The chairman of the Australian Prudential Regulation Authority (APRA), John Laker has nominated inadequate staffing as being one of the reasons the regulator found itself so badly exposed following the collapse of HIH Insurance.
However, Mr Laker told a conference late last year that increased Government and industry funding had seen APRA rebuilding both its numbers and its expertise.
However, the chairman has warned that the regulator’s efforts are being made harder by the heavy demand for people with strong risk management skills, some of whom are being lured away from APRA.
The APRA chairman acknowledged that the collapse of HIH had represented a real setback for the organisation.
“The failure of HIH Insurance, one of Australia’s largest general insurance companies, obviously knocked APRA off its stride,” he said. “The fallout from this failure was a loss of community confidence in the prudential regulator, a considerable distraction of attention from the very good, even path-breaking, work APRA had been doing in other areas and, in the end, a change in its governance structure.”
Laker said that within APRA itself, the failure of HIH led to considerable soul-searching about how the agency carried out its supervisory responsibilities and the adequacy of its resources.
“That soul-searching was given strong direction by the report of the HIH Royal Commission,” he said. “It was also guided by other analysis undertaken at APRA’s own initiative.”
Laker said this analysis had included an earlier and very frank report on APRA’s performance by the former head of Canada’s Office of the Superintendent of Financial Institutions, and an independent benchmarking of APRA’s resources and supervisory intensity against its international regulatory peers.
“Our rebuilding strategy in the wake of HIH has been aimed at restoring confidence in APRA as a vigilant, vigorous and effective prudential regulator,” Laker said. “The words of the HIH Royal Commission that APRA become ‘more sceptical, questioning and, where necessary, aggressive in its approach to prudential supervision are seared into our consciousness, and we have been translating them into action, in a number of ways.”
He said that the main elements of APRA’s rebuilding strategy had been staffing.
“APRA’s strength and effectiveness as a prudential regulator depend fundamentally on its staff,” Laker said.
“It is their skills, judgment and intuition which makes the difference between successful early intervention and arriving late at the scene to clean up,” he said. “It is our staff who make the hard calls and who deal regularly with — and occasionally have to confront — the boards and senior management of our regulated institutions.
“And, put starkly, we just did not have enough staff,” Laker said.
“When APRA was established, around 550 staff were engaged in prudential supervision and associated corporate functions in the 11 predecessor agencies.
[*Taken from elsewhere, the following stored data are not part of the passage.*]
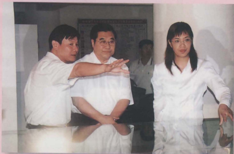
南宁市市长林国强（中）于良庆区视察。图为良庆区委书记朱朝霞（右一）、区长陈世平（左一）向林市长介绍良庆区的发展规划
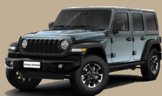
Šedá Anvil (58T-PDS, pouze Rubicon)
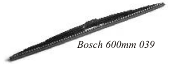
Bosch 600mm 039
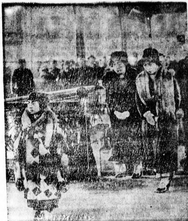
A japán császár leánva a tekiói pályaudvaron
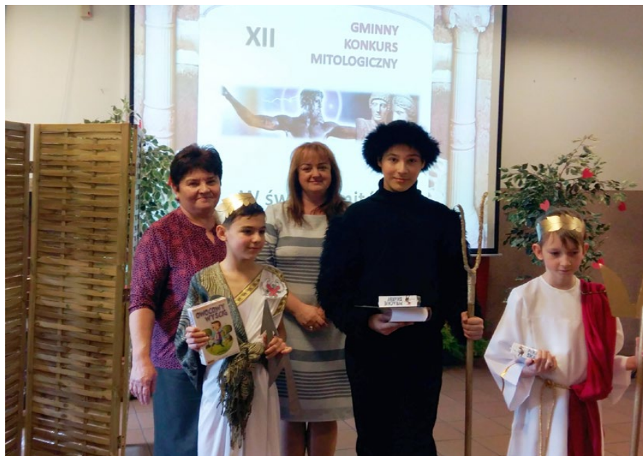
Zwycięska drużyna z Dąbia

Zawodnicy, niczym mityczny Herakles, mieli do wykonania dwanaście prac. Pierwszą był e-test. Przedstawiciele starożytnej cywilizacji bez problemu poradzi sobie z technologią cyfrową, udzielając za pośrednictwem pilotów odpowiedzi na podstawowe pytania dotyczące mitologii greckiej. Potem, również korzystając z technologii komputerowej, zespoły mogły obserwować na dużym ekranie kolejne zadania. Dotyczyły one m.in. rozpoznawania postaci mitologicznych w malarstwie i rzeźbie, nazwania prac
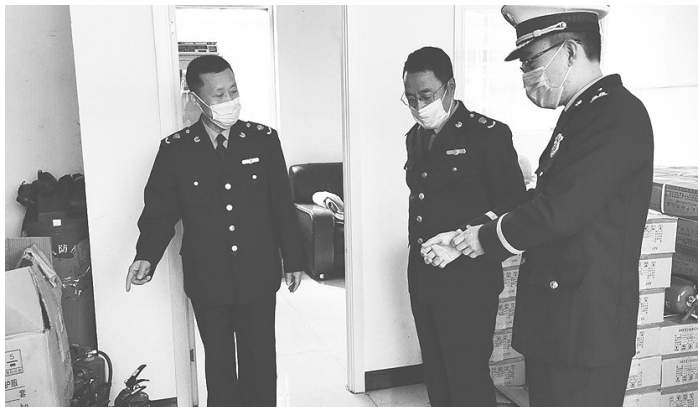
近日,兴隆县市场监督管理局开展消防器材整治专项行动,重点检查灭火器、消防水带、消防栓箱等消防器材经营单位,查看是否有经营资质、符合市场准入条件、通过国家强制性认可等,重点宣传消防器材进货注意事项和假冒伪劣消防器材的危害等。此次行动中所查的消防器材全部合格。

通过此次活动,社区矫正对象再次深刻体会到母亲的不容易以及对孩子无私的爱,进一步增强了社区矫正对象对父母长辈的尊重感谢,唤醒他们潜藏在内心深处的感恩之心,帮助他们以更好的精神面貌融入社会。

Integrated regulation was expected to produce an ‘efficiency dividend’, particularly in corporate functions, and it did,” he said.
However, Laker said integration also saw APRA lose valuable and experienced staff in front-line supervision and specialist risk areas.
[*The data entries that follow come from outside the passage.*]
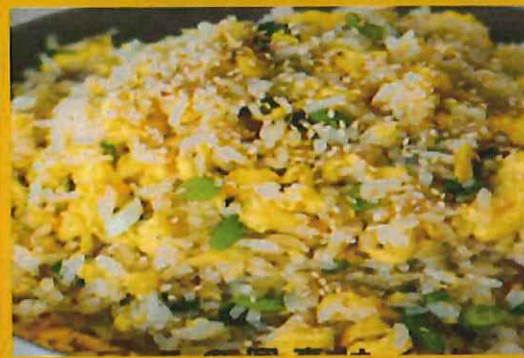
EGG FRIED RICE エッグフライドライス ¥ 600 日本で言う【チャーハン】
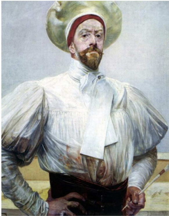
Jacek Malczewski, "Idź nad strumienie" (środkowa część tryptyku), 1909-10, olej na tekturze
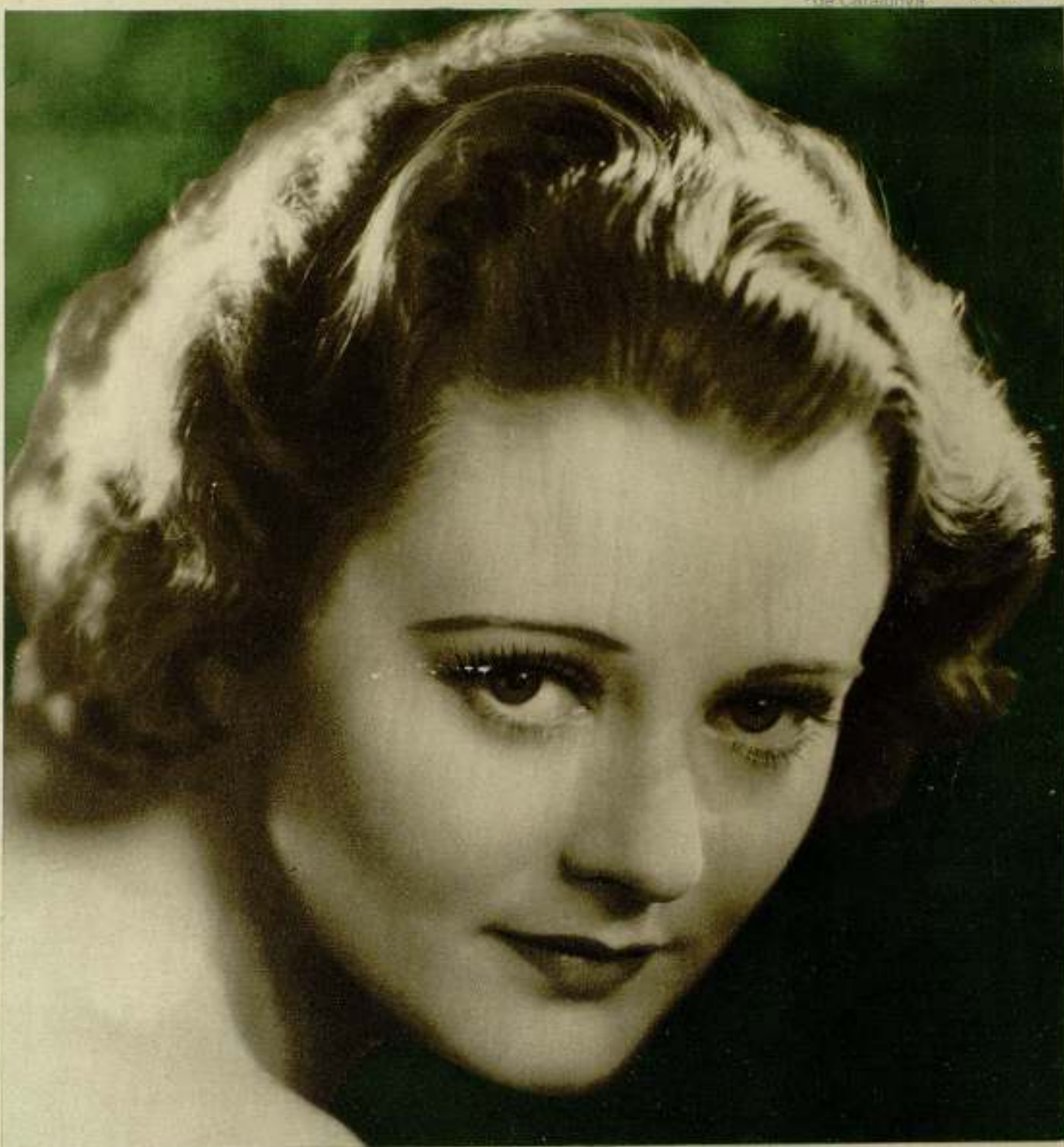
La joven y guapa artista de la Fox Heather Angel
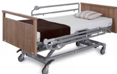
Eleganza 1 ve variantě pro pečovatelsví

Lůžko Eleganza 1 může být vybaveno dvěma druhy postranic. Plastové dělené postranice vynikají moderním designem a výbornou čistitelností. Jednoduché sklopné postranice jsou unikátní díky ergonomicky umístěnému odjišťovacímu mechanismu – práce sester je tím výrazně usnadněna.
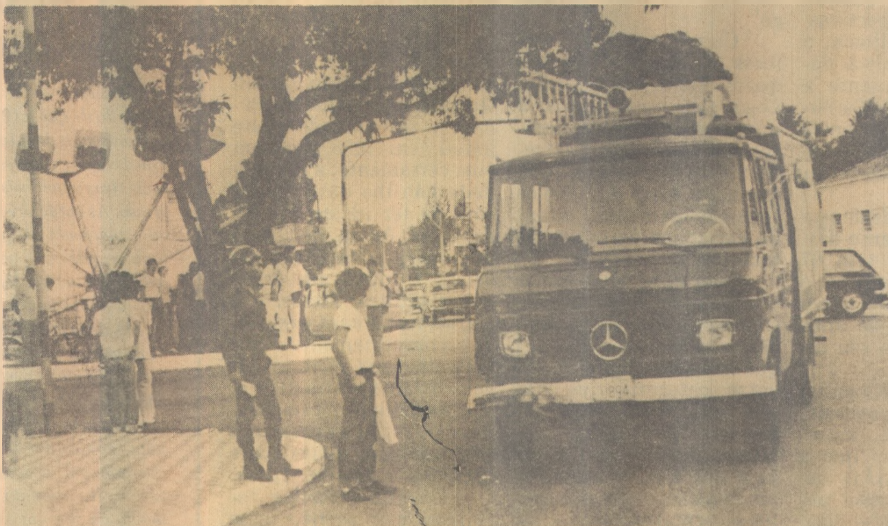
Viatura do Corpo de Bombeiros colide com Volkswagen em cruzamento da Vasco da Gama

Por outro lado, vários processos contra traficantes de maconha estão em andamento na 9ª Vara Criminal de João Pessoa. Eles serão julgados por Joaquim Sérgio Madruga.
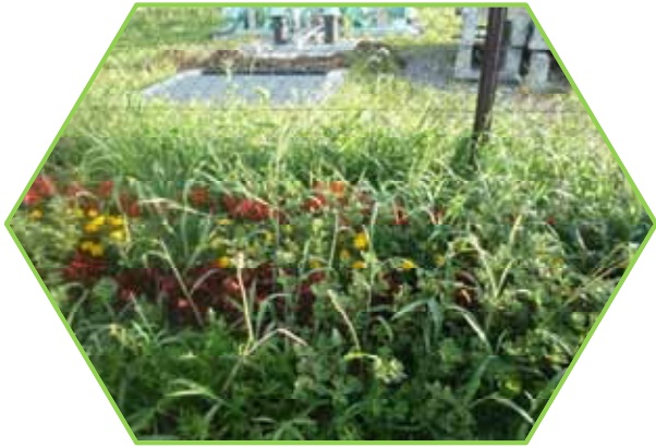
機 場 周 辺
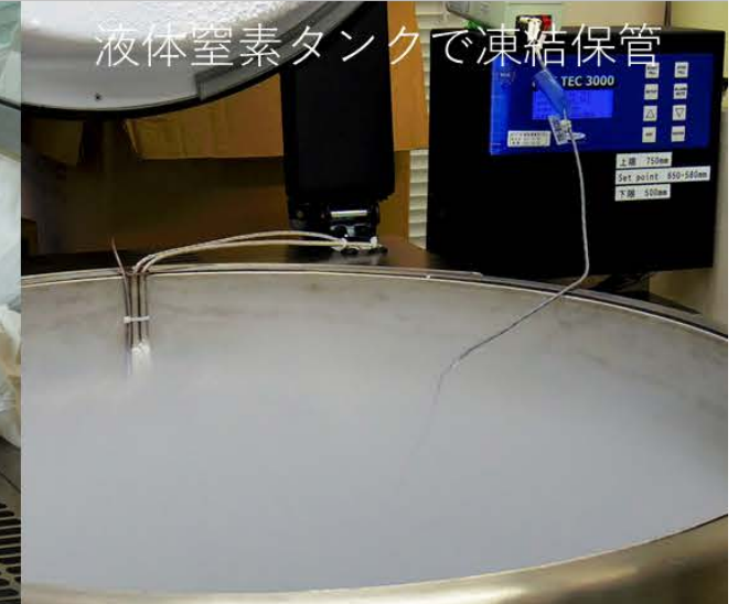
液体窒素タンクで凍結保管

臍帯血・臍帯バンク：臍帯血・臍帯由来細胞等を資源化し、臨床用の細胞治療や創薬等のソースとして、また研究用細胞等のソースとしての供給を目指しています。
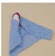
5. Запеленать тело куклы подобно ребенку
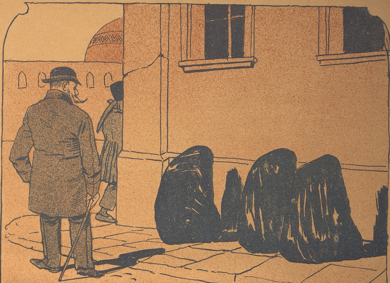
نه در بنگار ...!

He said that by the time of HIH’s collapse, APRA staff numbers were below 400 and APRA was being stretched too thin.
Laker said the messages APRA had taken from the HIH Royal Commission had been strong ones.
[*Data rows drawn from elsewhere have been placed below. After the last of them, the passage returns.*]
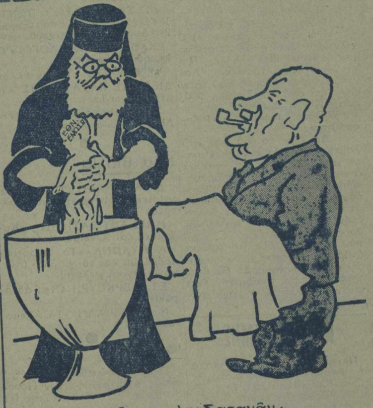
—Άπετάξασο τόν Σατανάν; —Θα σκεφθώ.....

Ίδου μιά σκέψις... «λογική»: —«Άφοϋ 'σθε περισσότεροι γιατί δέν προτιμάτε τήν... αναλογική;» Διαβάζετε, σκεπιάσαστε κι' είτα... λιποθυμάτε. Και παρετήρουν μερικοί! —«Η Κύρκειος» ή λογική των άνωτέρω, δζει όλίγον... Καραγκιόζη: «Άφοϋ δέν μοιάζω για παλλη- γιατί κύρ Βεληγκέα... καράς με βα- λρας.»
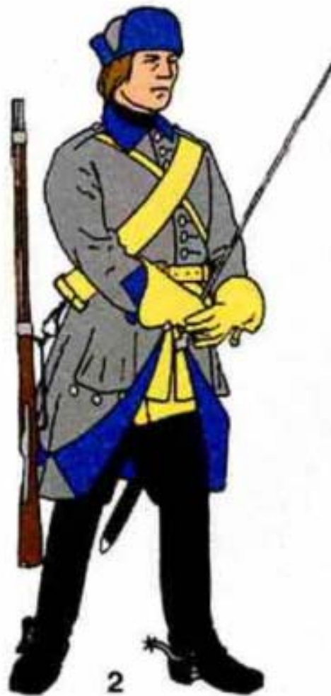
Рис 5 Униформа солдата Выборгского пехотного полка. 1688 г.
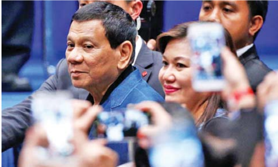
၂၀၁၈ ခုနှစ် ဧပြီလ ၁၂ ရက်က ဟောင်ကောင်ရှိ ဖိလစ်ပိုင်အသိုင်းအဝိုင်းကကျင်းပသော အခမ်းအနားတစ်ခုသို့ တက်ရောက်လာသည့် ဖိလစ်ပိုင်သမ္မတ ရိုဒရီဂိုဒူတာတေး။

ငွေကြေးဖောင်းပွမှုမြင့်တက်လာခြင်း၊ ဆင်းရဲမွဲတေမှု မြင့်မားခြင်း၊ အခြေခံအဆောက်အအုံမပြည့်စုံခြင်းနှင့် ပိုင်နက်အငြင်းပွားမှုများမှာ လာမည့် မေလ ၁၃ ရက်တွင် ကျင်းပမည့် သက်တမ်းဝက်ရွေးကောက်ပွဲများအတွင်း ဖိလစ်ပိုင်မဲဆန္ဒရှင်များ ရင်ဆိုင်နေရသည့် ပြဿနာများ ဖြစ်သည်။ ထိုကိစ္စများနှင့်ပတ်သက်၍ ကိုယ်စားလှယ် လောင်းများအပေါ် ဝေဖန်ဆန်းစစ်မှုများ ရှိနေပြီး ဖိလစ်ပိုင်နိုင်ငံသားအားလုံးက သူ၏မူဝါဒများကို ကြိုက်နှစ် သက်ခြင်းမရှိသော်လည်း စစ်တမ်းကောက်ယူမှုများတွင် လူကြိုက်များနေဆဲ ခေါင်းဆောင်တစ်ဦးဖြစ်သည့် သမ္မတ ရိုဒရီဂိုဒူတာတေး၏ ထောက်ခံချက် ရရှိမှု အပေါ် အခြေခံ၍ ဖိလစ်ပိုင်မဲဆန္ဒရှင်များက မဲပေးမည်ဖြစ်သည်။
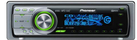
Double éclairage des touches (Rouge / Vert)
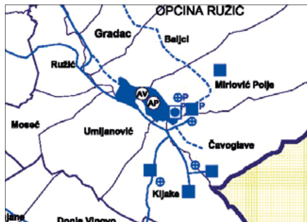
12 Detalj Prostornog plana Šibensko-kninske županije s pozicijom hidroakumulacije podno Baline glavice (priredio: I. Glavaš)

Detail of the physical plan of the Šibenik-Knin County with the position of the archaeological zone Umljanović (prepared by: I. Glavaš)

“Over the past 18 months, with Government support and industry funding, APRA has been building up its supervisory resources and skills,” he said. “We have been actively recruiting for front-line supervision positions and for specialist staff with detailed knowledge of specific risk, industry or technical issues.”
He said this had resulted in the recruitment of a number of high calibre new staff, with extensive and relevant experience in industry and the professions.
However, Laker said APRA’s recruiting drive was far from over and had in fact been undermined by the strong demand for risk management specialists in Australia.
“The market for risk management specialists in Australia is running very strong at the moment, not surprising given the heightened focus on risk and governance issues,” he said. “We are losing good staff to this same market, a compliment to our skill levels but one that I would prefer not to accept!”